Traditional culture holds sway in this country, even if the new breed of Korean is foreign-trained and educated. We can logically expect this to change over time. This will be over the long term, perhaps since traditional norms with respect to authority are hard to change.

In schools even today, students are expected to kowtow to their seniors. At home, while the women clamor for liberation, it is the mother-in-law who “trains” the daughter-in-law to recognize the husband’s higher hierarchical position. The point being made is that the youth, the women and others who struggle can only sit back and be amazed by the manner by which tradition locks in particular principles and beliefs no matter how unacceptable it is to the modern way. To top it all off, it is they who perpetuate these traditions.

Because the conflict phenomenon is not geographical, the struggle applies to peoples all over the world, more particularly to those from developing countries.

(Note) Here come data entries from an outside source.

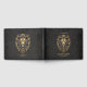 Majestuosa cabeza de león dorada con mané negro. Los detalles artísticos en la cara para enfatizar la fuerza y la gracia del animal. Esta combinación de oro y negro le da al diseño un toque elegante y lujoso.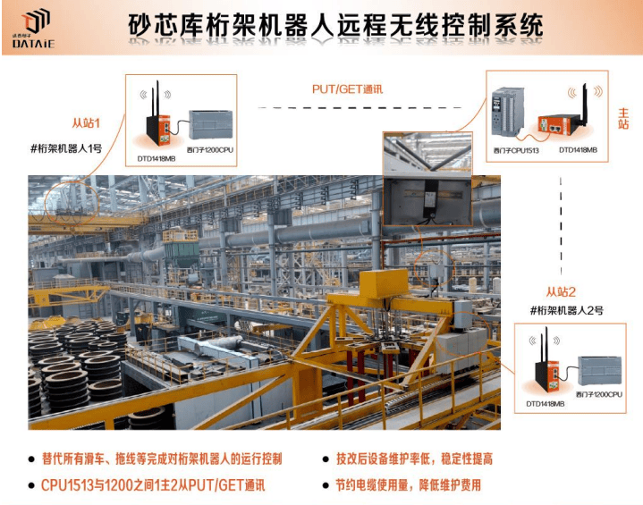 济南某铸造厂利用无线通讯实现砂芯库桁架机器人远程无线控制系统。在现场,技术人员采用3块DTD418MB来代替所有滑车、拖线等完成对桁架机器人的运行控制。在固定端主机设备商的西门子S7-1500 PLC上搭载一块DTD418MB作为主站。然后在两台桁架机器人上的西门子S7-1200 PLC上分别搭载一块DTD418MB作为从站,最终实现砂芯库桁架机器人远程无线控制系统。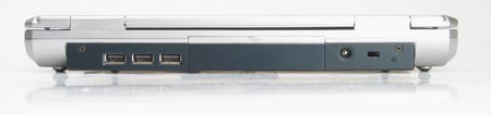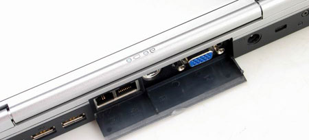 S900的端口主要都设置在机器的后侧,由于机身比较宽大,所以容纳了较丰富的端口。1394端口、无线网卡、音频端口和音频控制器在机器的左侧,右侧是两个Pc卡接口,其余的端口都在后侧。

It is already a motherhood saying that we must accept what is good in the new and discard what is bad in the old. But it is culture that dictates what is good or bad, and these cultures are conflicting already.

I am not ready to give an answer, but I offer a question. Should we leave things to naturally evolve, or should we “break the cycle” more deliberately and identify what must be kept and what must be discarded?

*The writer is a professor at the Graduate School of Pan-Pacific International Studies at Kyunghee University and the chairperson of Phil-RPG.